Reflected Backward Stochastic Differential Equations for a Finite State Markov Chain Model and Applications to American Options
Dimbinirina Ramarimbahoaka, Zhe Yang, Robert J. Elliott

TL;DR
This paper develops a new class of reflected backward stochastic differential equations driven by martingales in a finite state Markov chain setting, and applies them to model American options with stochastic discounting.
Contribution
It introduces a novel type of RBSDEs driven by martingales in Markov chains and demonstrates their application to American option pricing with stochastic discount functions.
Findings
Existence and uniqueness of solutions for the new RBSDEs.
Existence of a unique constrained super-hedging strategy for American options.
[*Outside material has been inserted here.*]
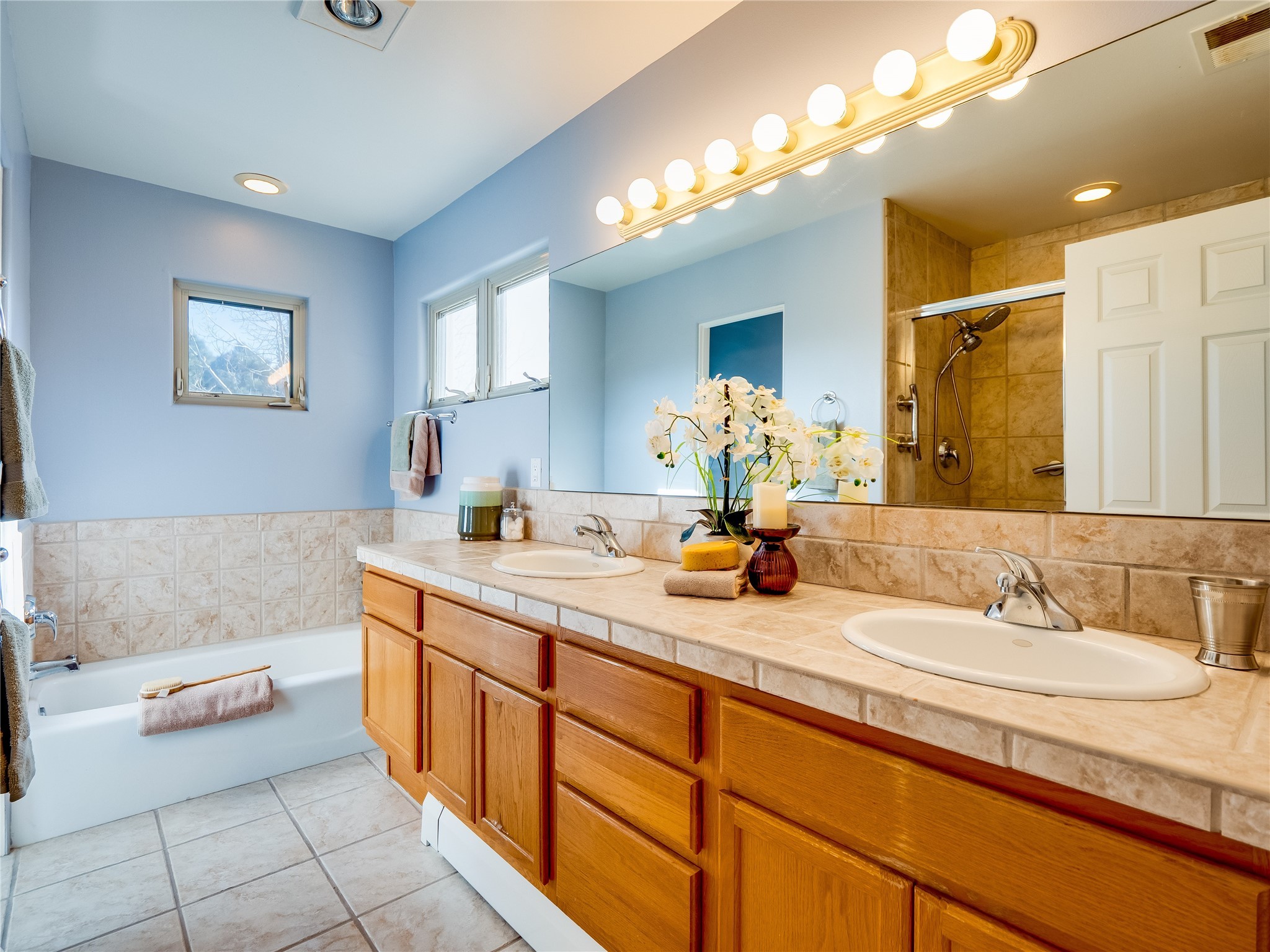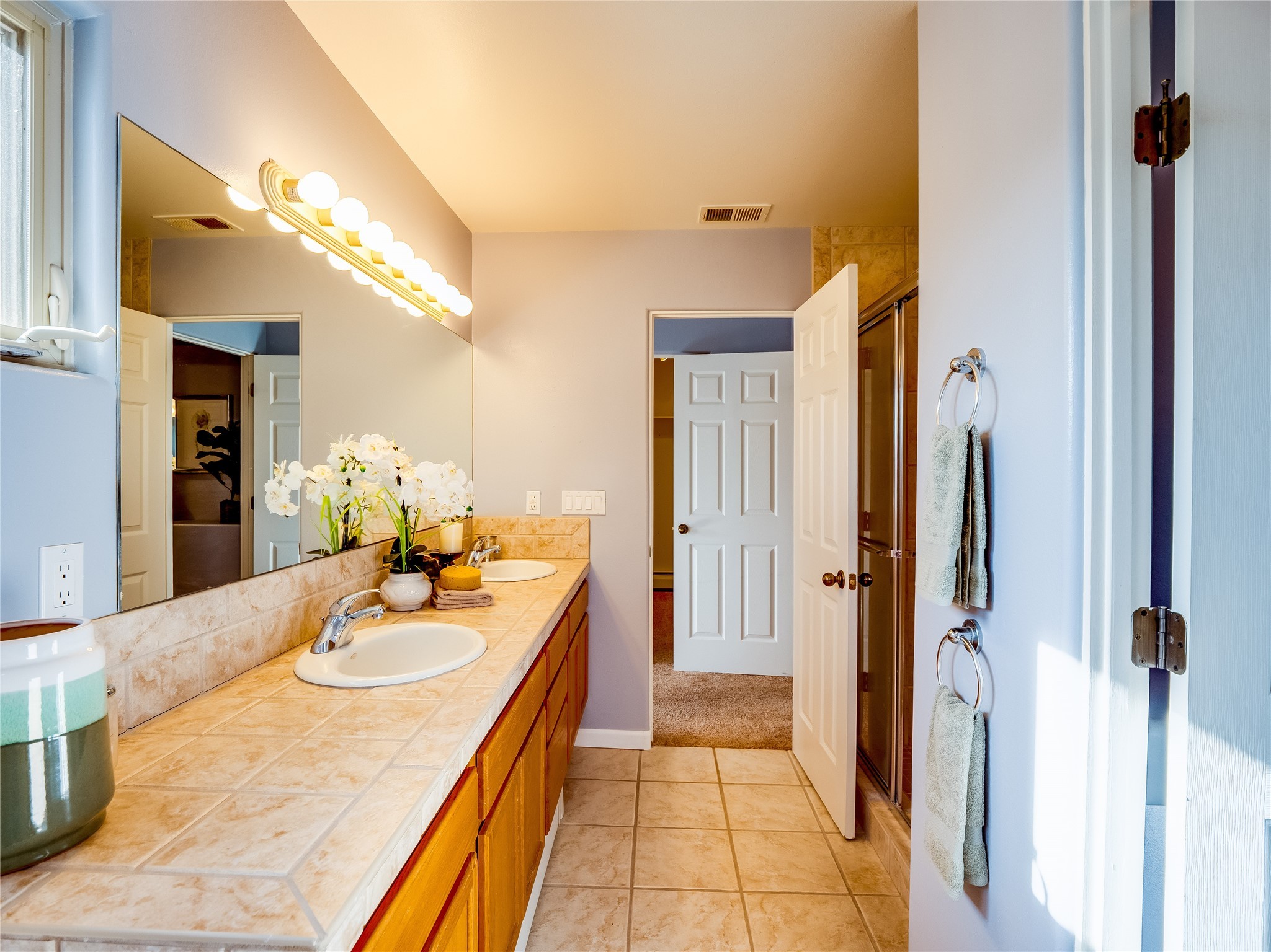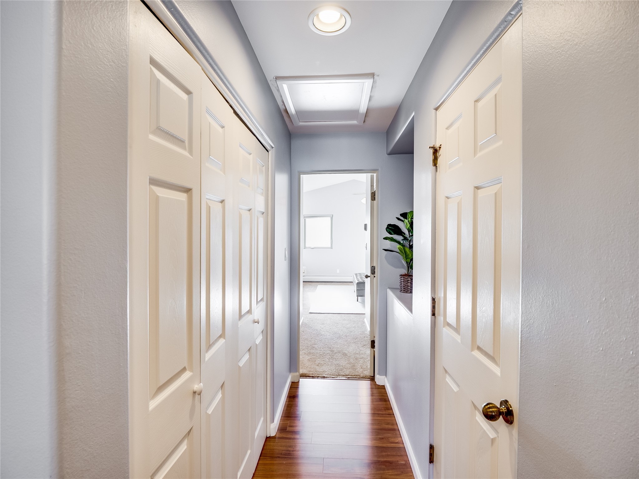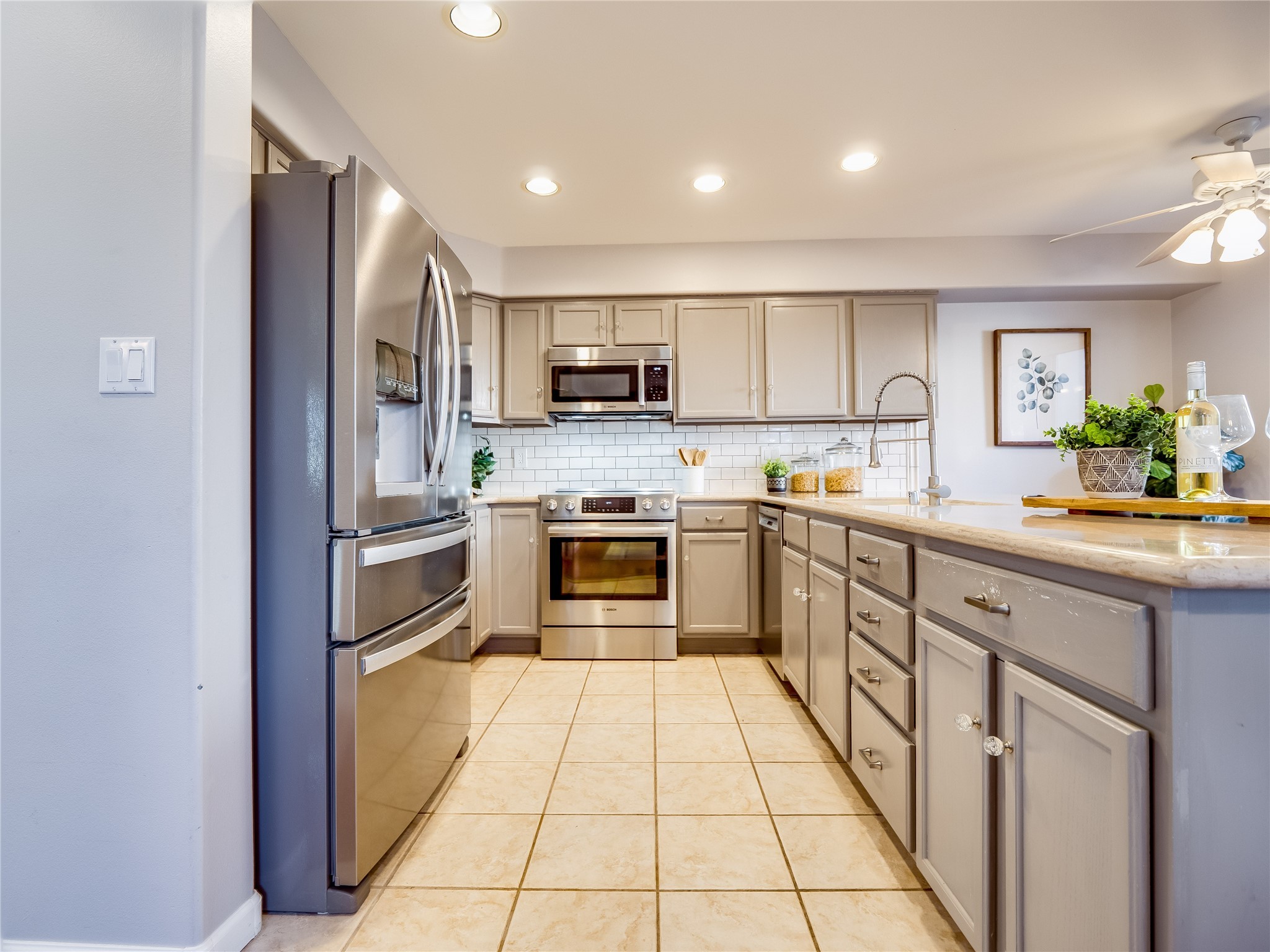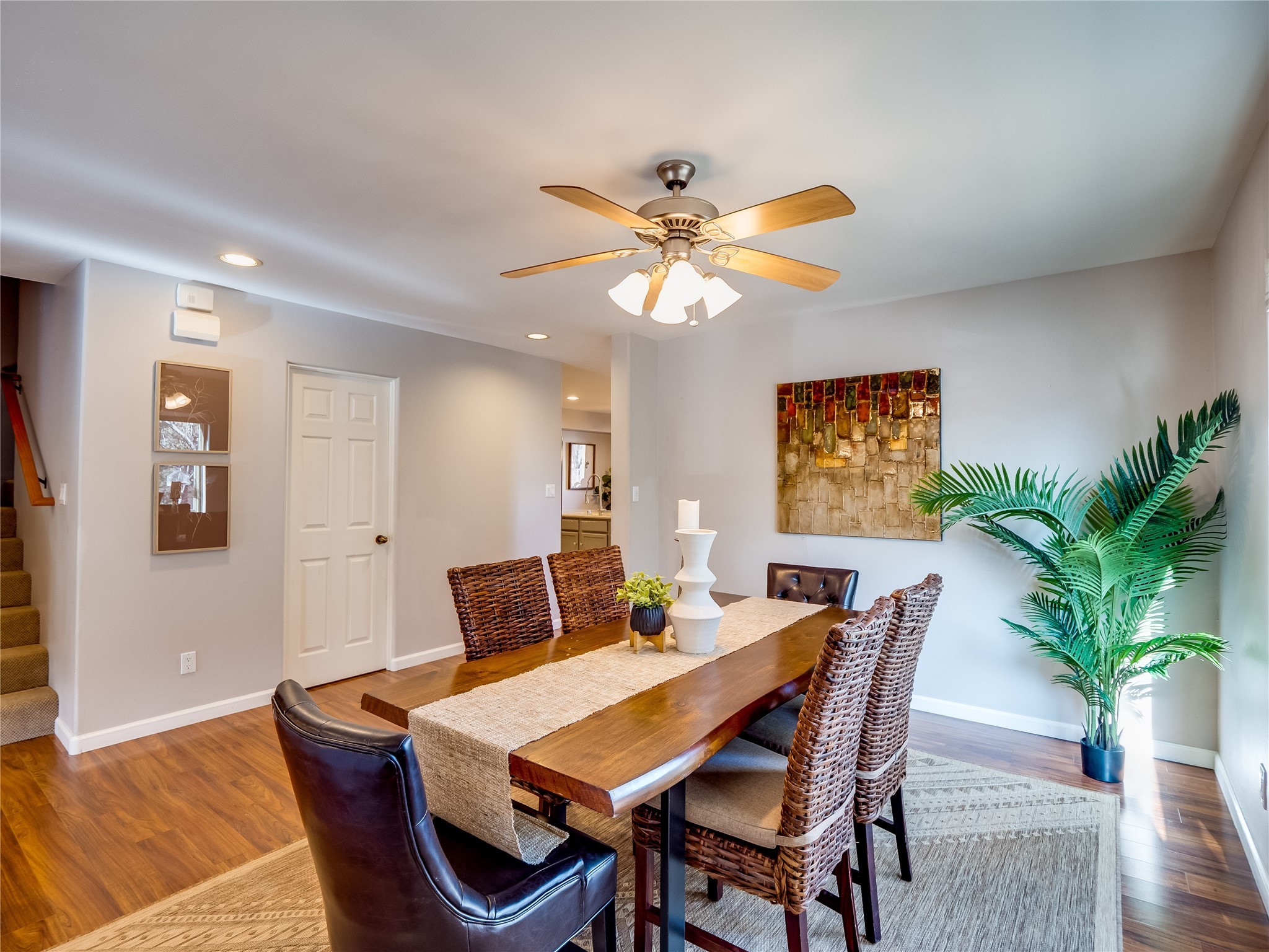 Set in the desirable Quemazon community, this modern two-story townhome offers canyon-edge living surrounded by natural beauty. The mature front yard welcomes you with tall aspens, soft landscaping, and a covered patio leading to the main entrance. Step inside to a large foyer that opens into a bright, living room featuring rich laminate flooring throughout the main living areas. A wood-burning fireplace anchors the living room, framed by windows that capture views of the surrounding forested terrain. Sliding glass doors extend the space onto the front patio for seamless indoor-outdoor living. Just a short set of stairs up, the dining room awaits, complete with a spacious walk-in pantry and storage closet, plus a convenient powder room on the same level. Toward the back of the home, the kitchen blends modern style and function with granite countertops, painted gray cabinetry, and durable tile flooring. Stainless steel appliances, a peninsula island with bar seating, and flexible layout options, including room for a sit-down dining table or casual breakfast area. Step out to the private back courtyard patio, finished with pavers, planter beds, and space for outdoor dining or gardening. Stairs lead directly to the attached two-car garage for everyday convenience. Upstairs, two well-sized guest bedrooms include carpet flooring, walk-in closets, and generous natural light. A full guest bathroom features a double-sink vanity and tiled shower and tub surround. The hallway also includes a dedicated laundry closet for easy access. The primary en-suite offers a peaceful retreat with vaulted ceilings, plush carpet flooring, a large walk-in closet, and a spa-inspired bathroom. Relax in the separate tiled soaking tub or unwind in the oversized walk-in tiled shower. A double-sink vanity completes the space with elevated style and functionality. Move-in ready and thoughtfully designed, this home enjoys an exceptional location close to trails, and parks. Book your showing today!

Application of RBSDE theory to American options in Markov chain models.
Abstract
In this paper, we introduce a new kind of reflected backward stochastic differential equations (RBSDEs) driven by a martingale, in a Markov chain model, but not driven by Brownian motion, and give existence and uniqueness results for the new equations. Then we discuss American options in a finite state Markov chain model, in the presence of a stochastic discount function (SDF) and using the theory of the new RBSDEs. We show that there exists a constrained super-hedging strategy for an American option, which is unique in our framework as the solution to an RBSDE.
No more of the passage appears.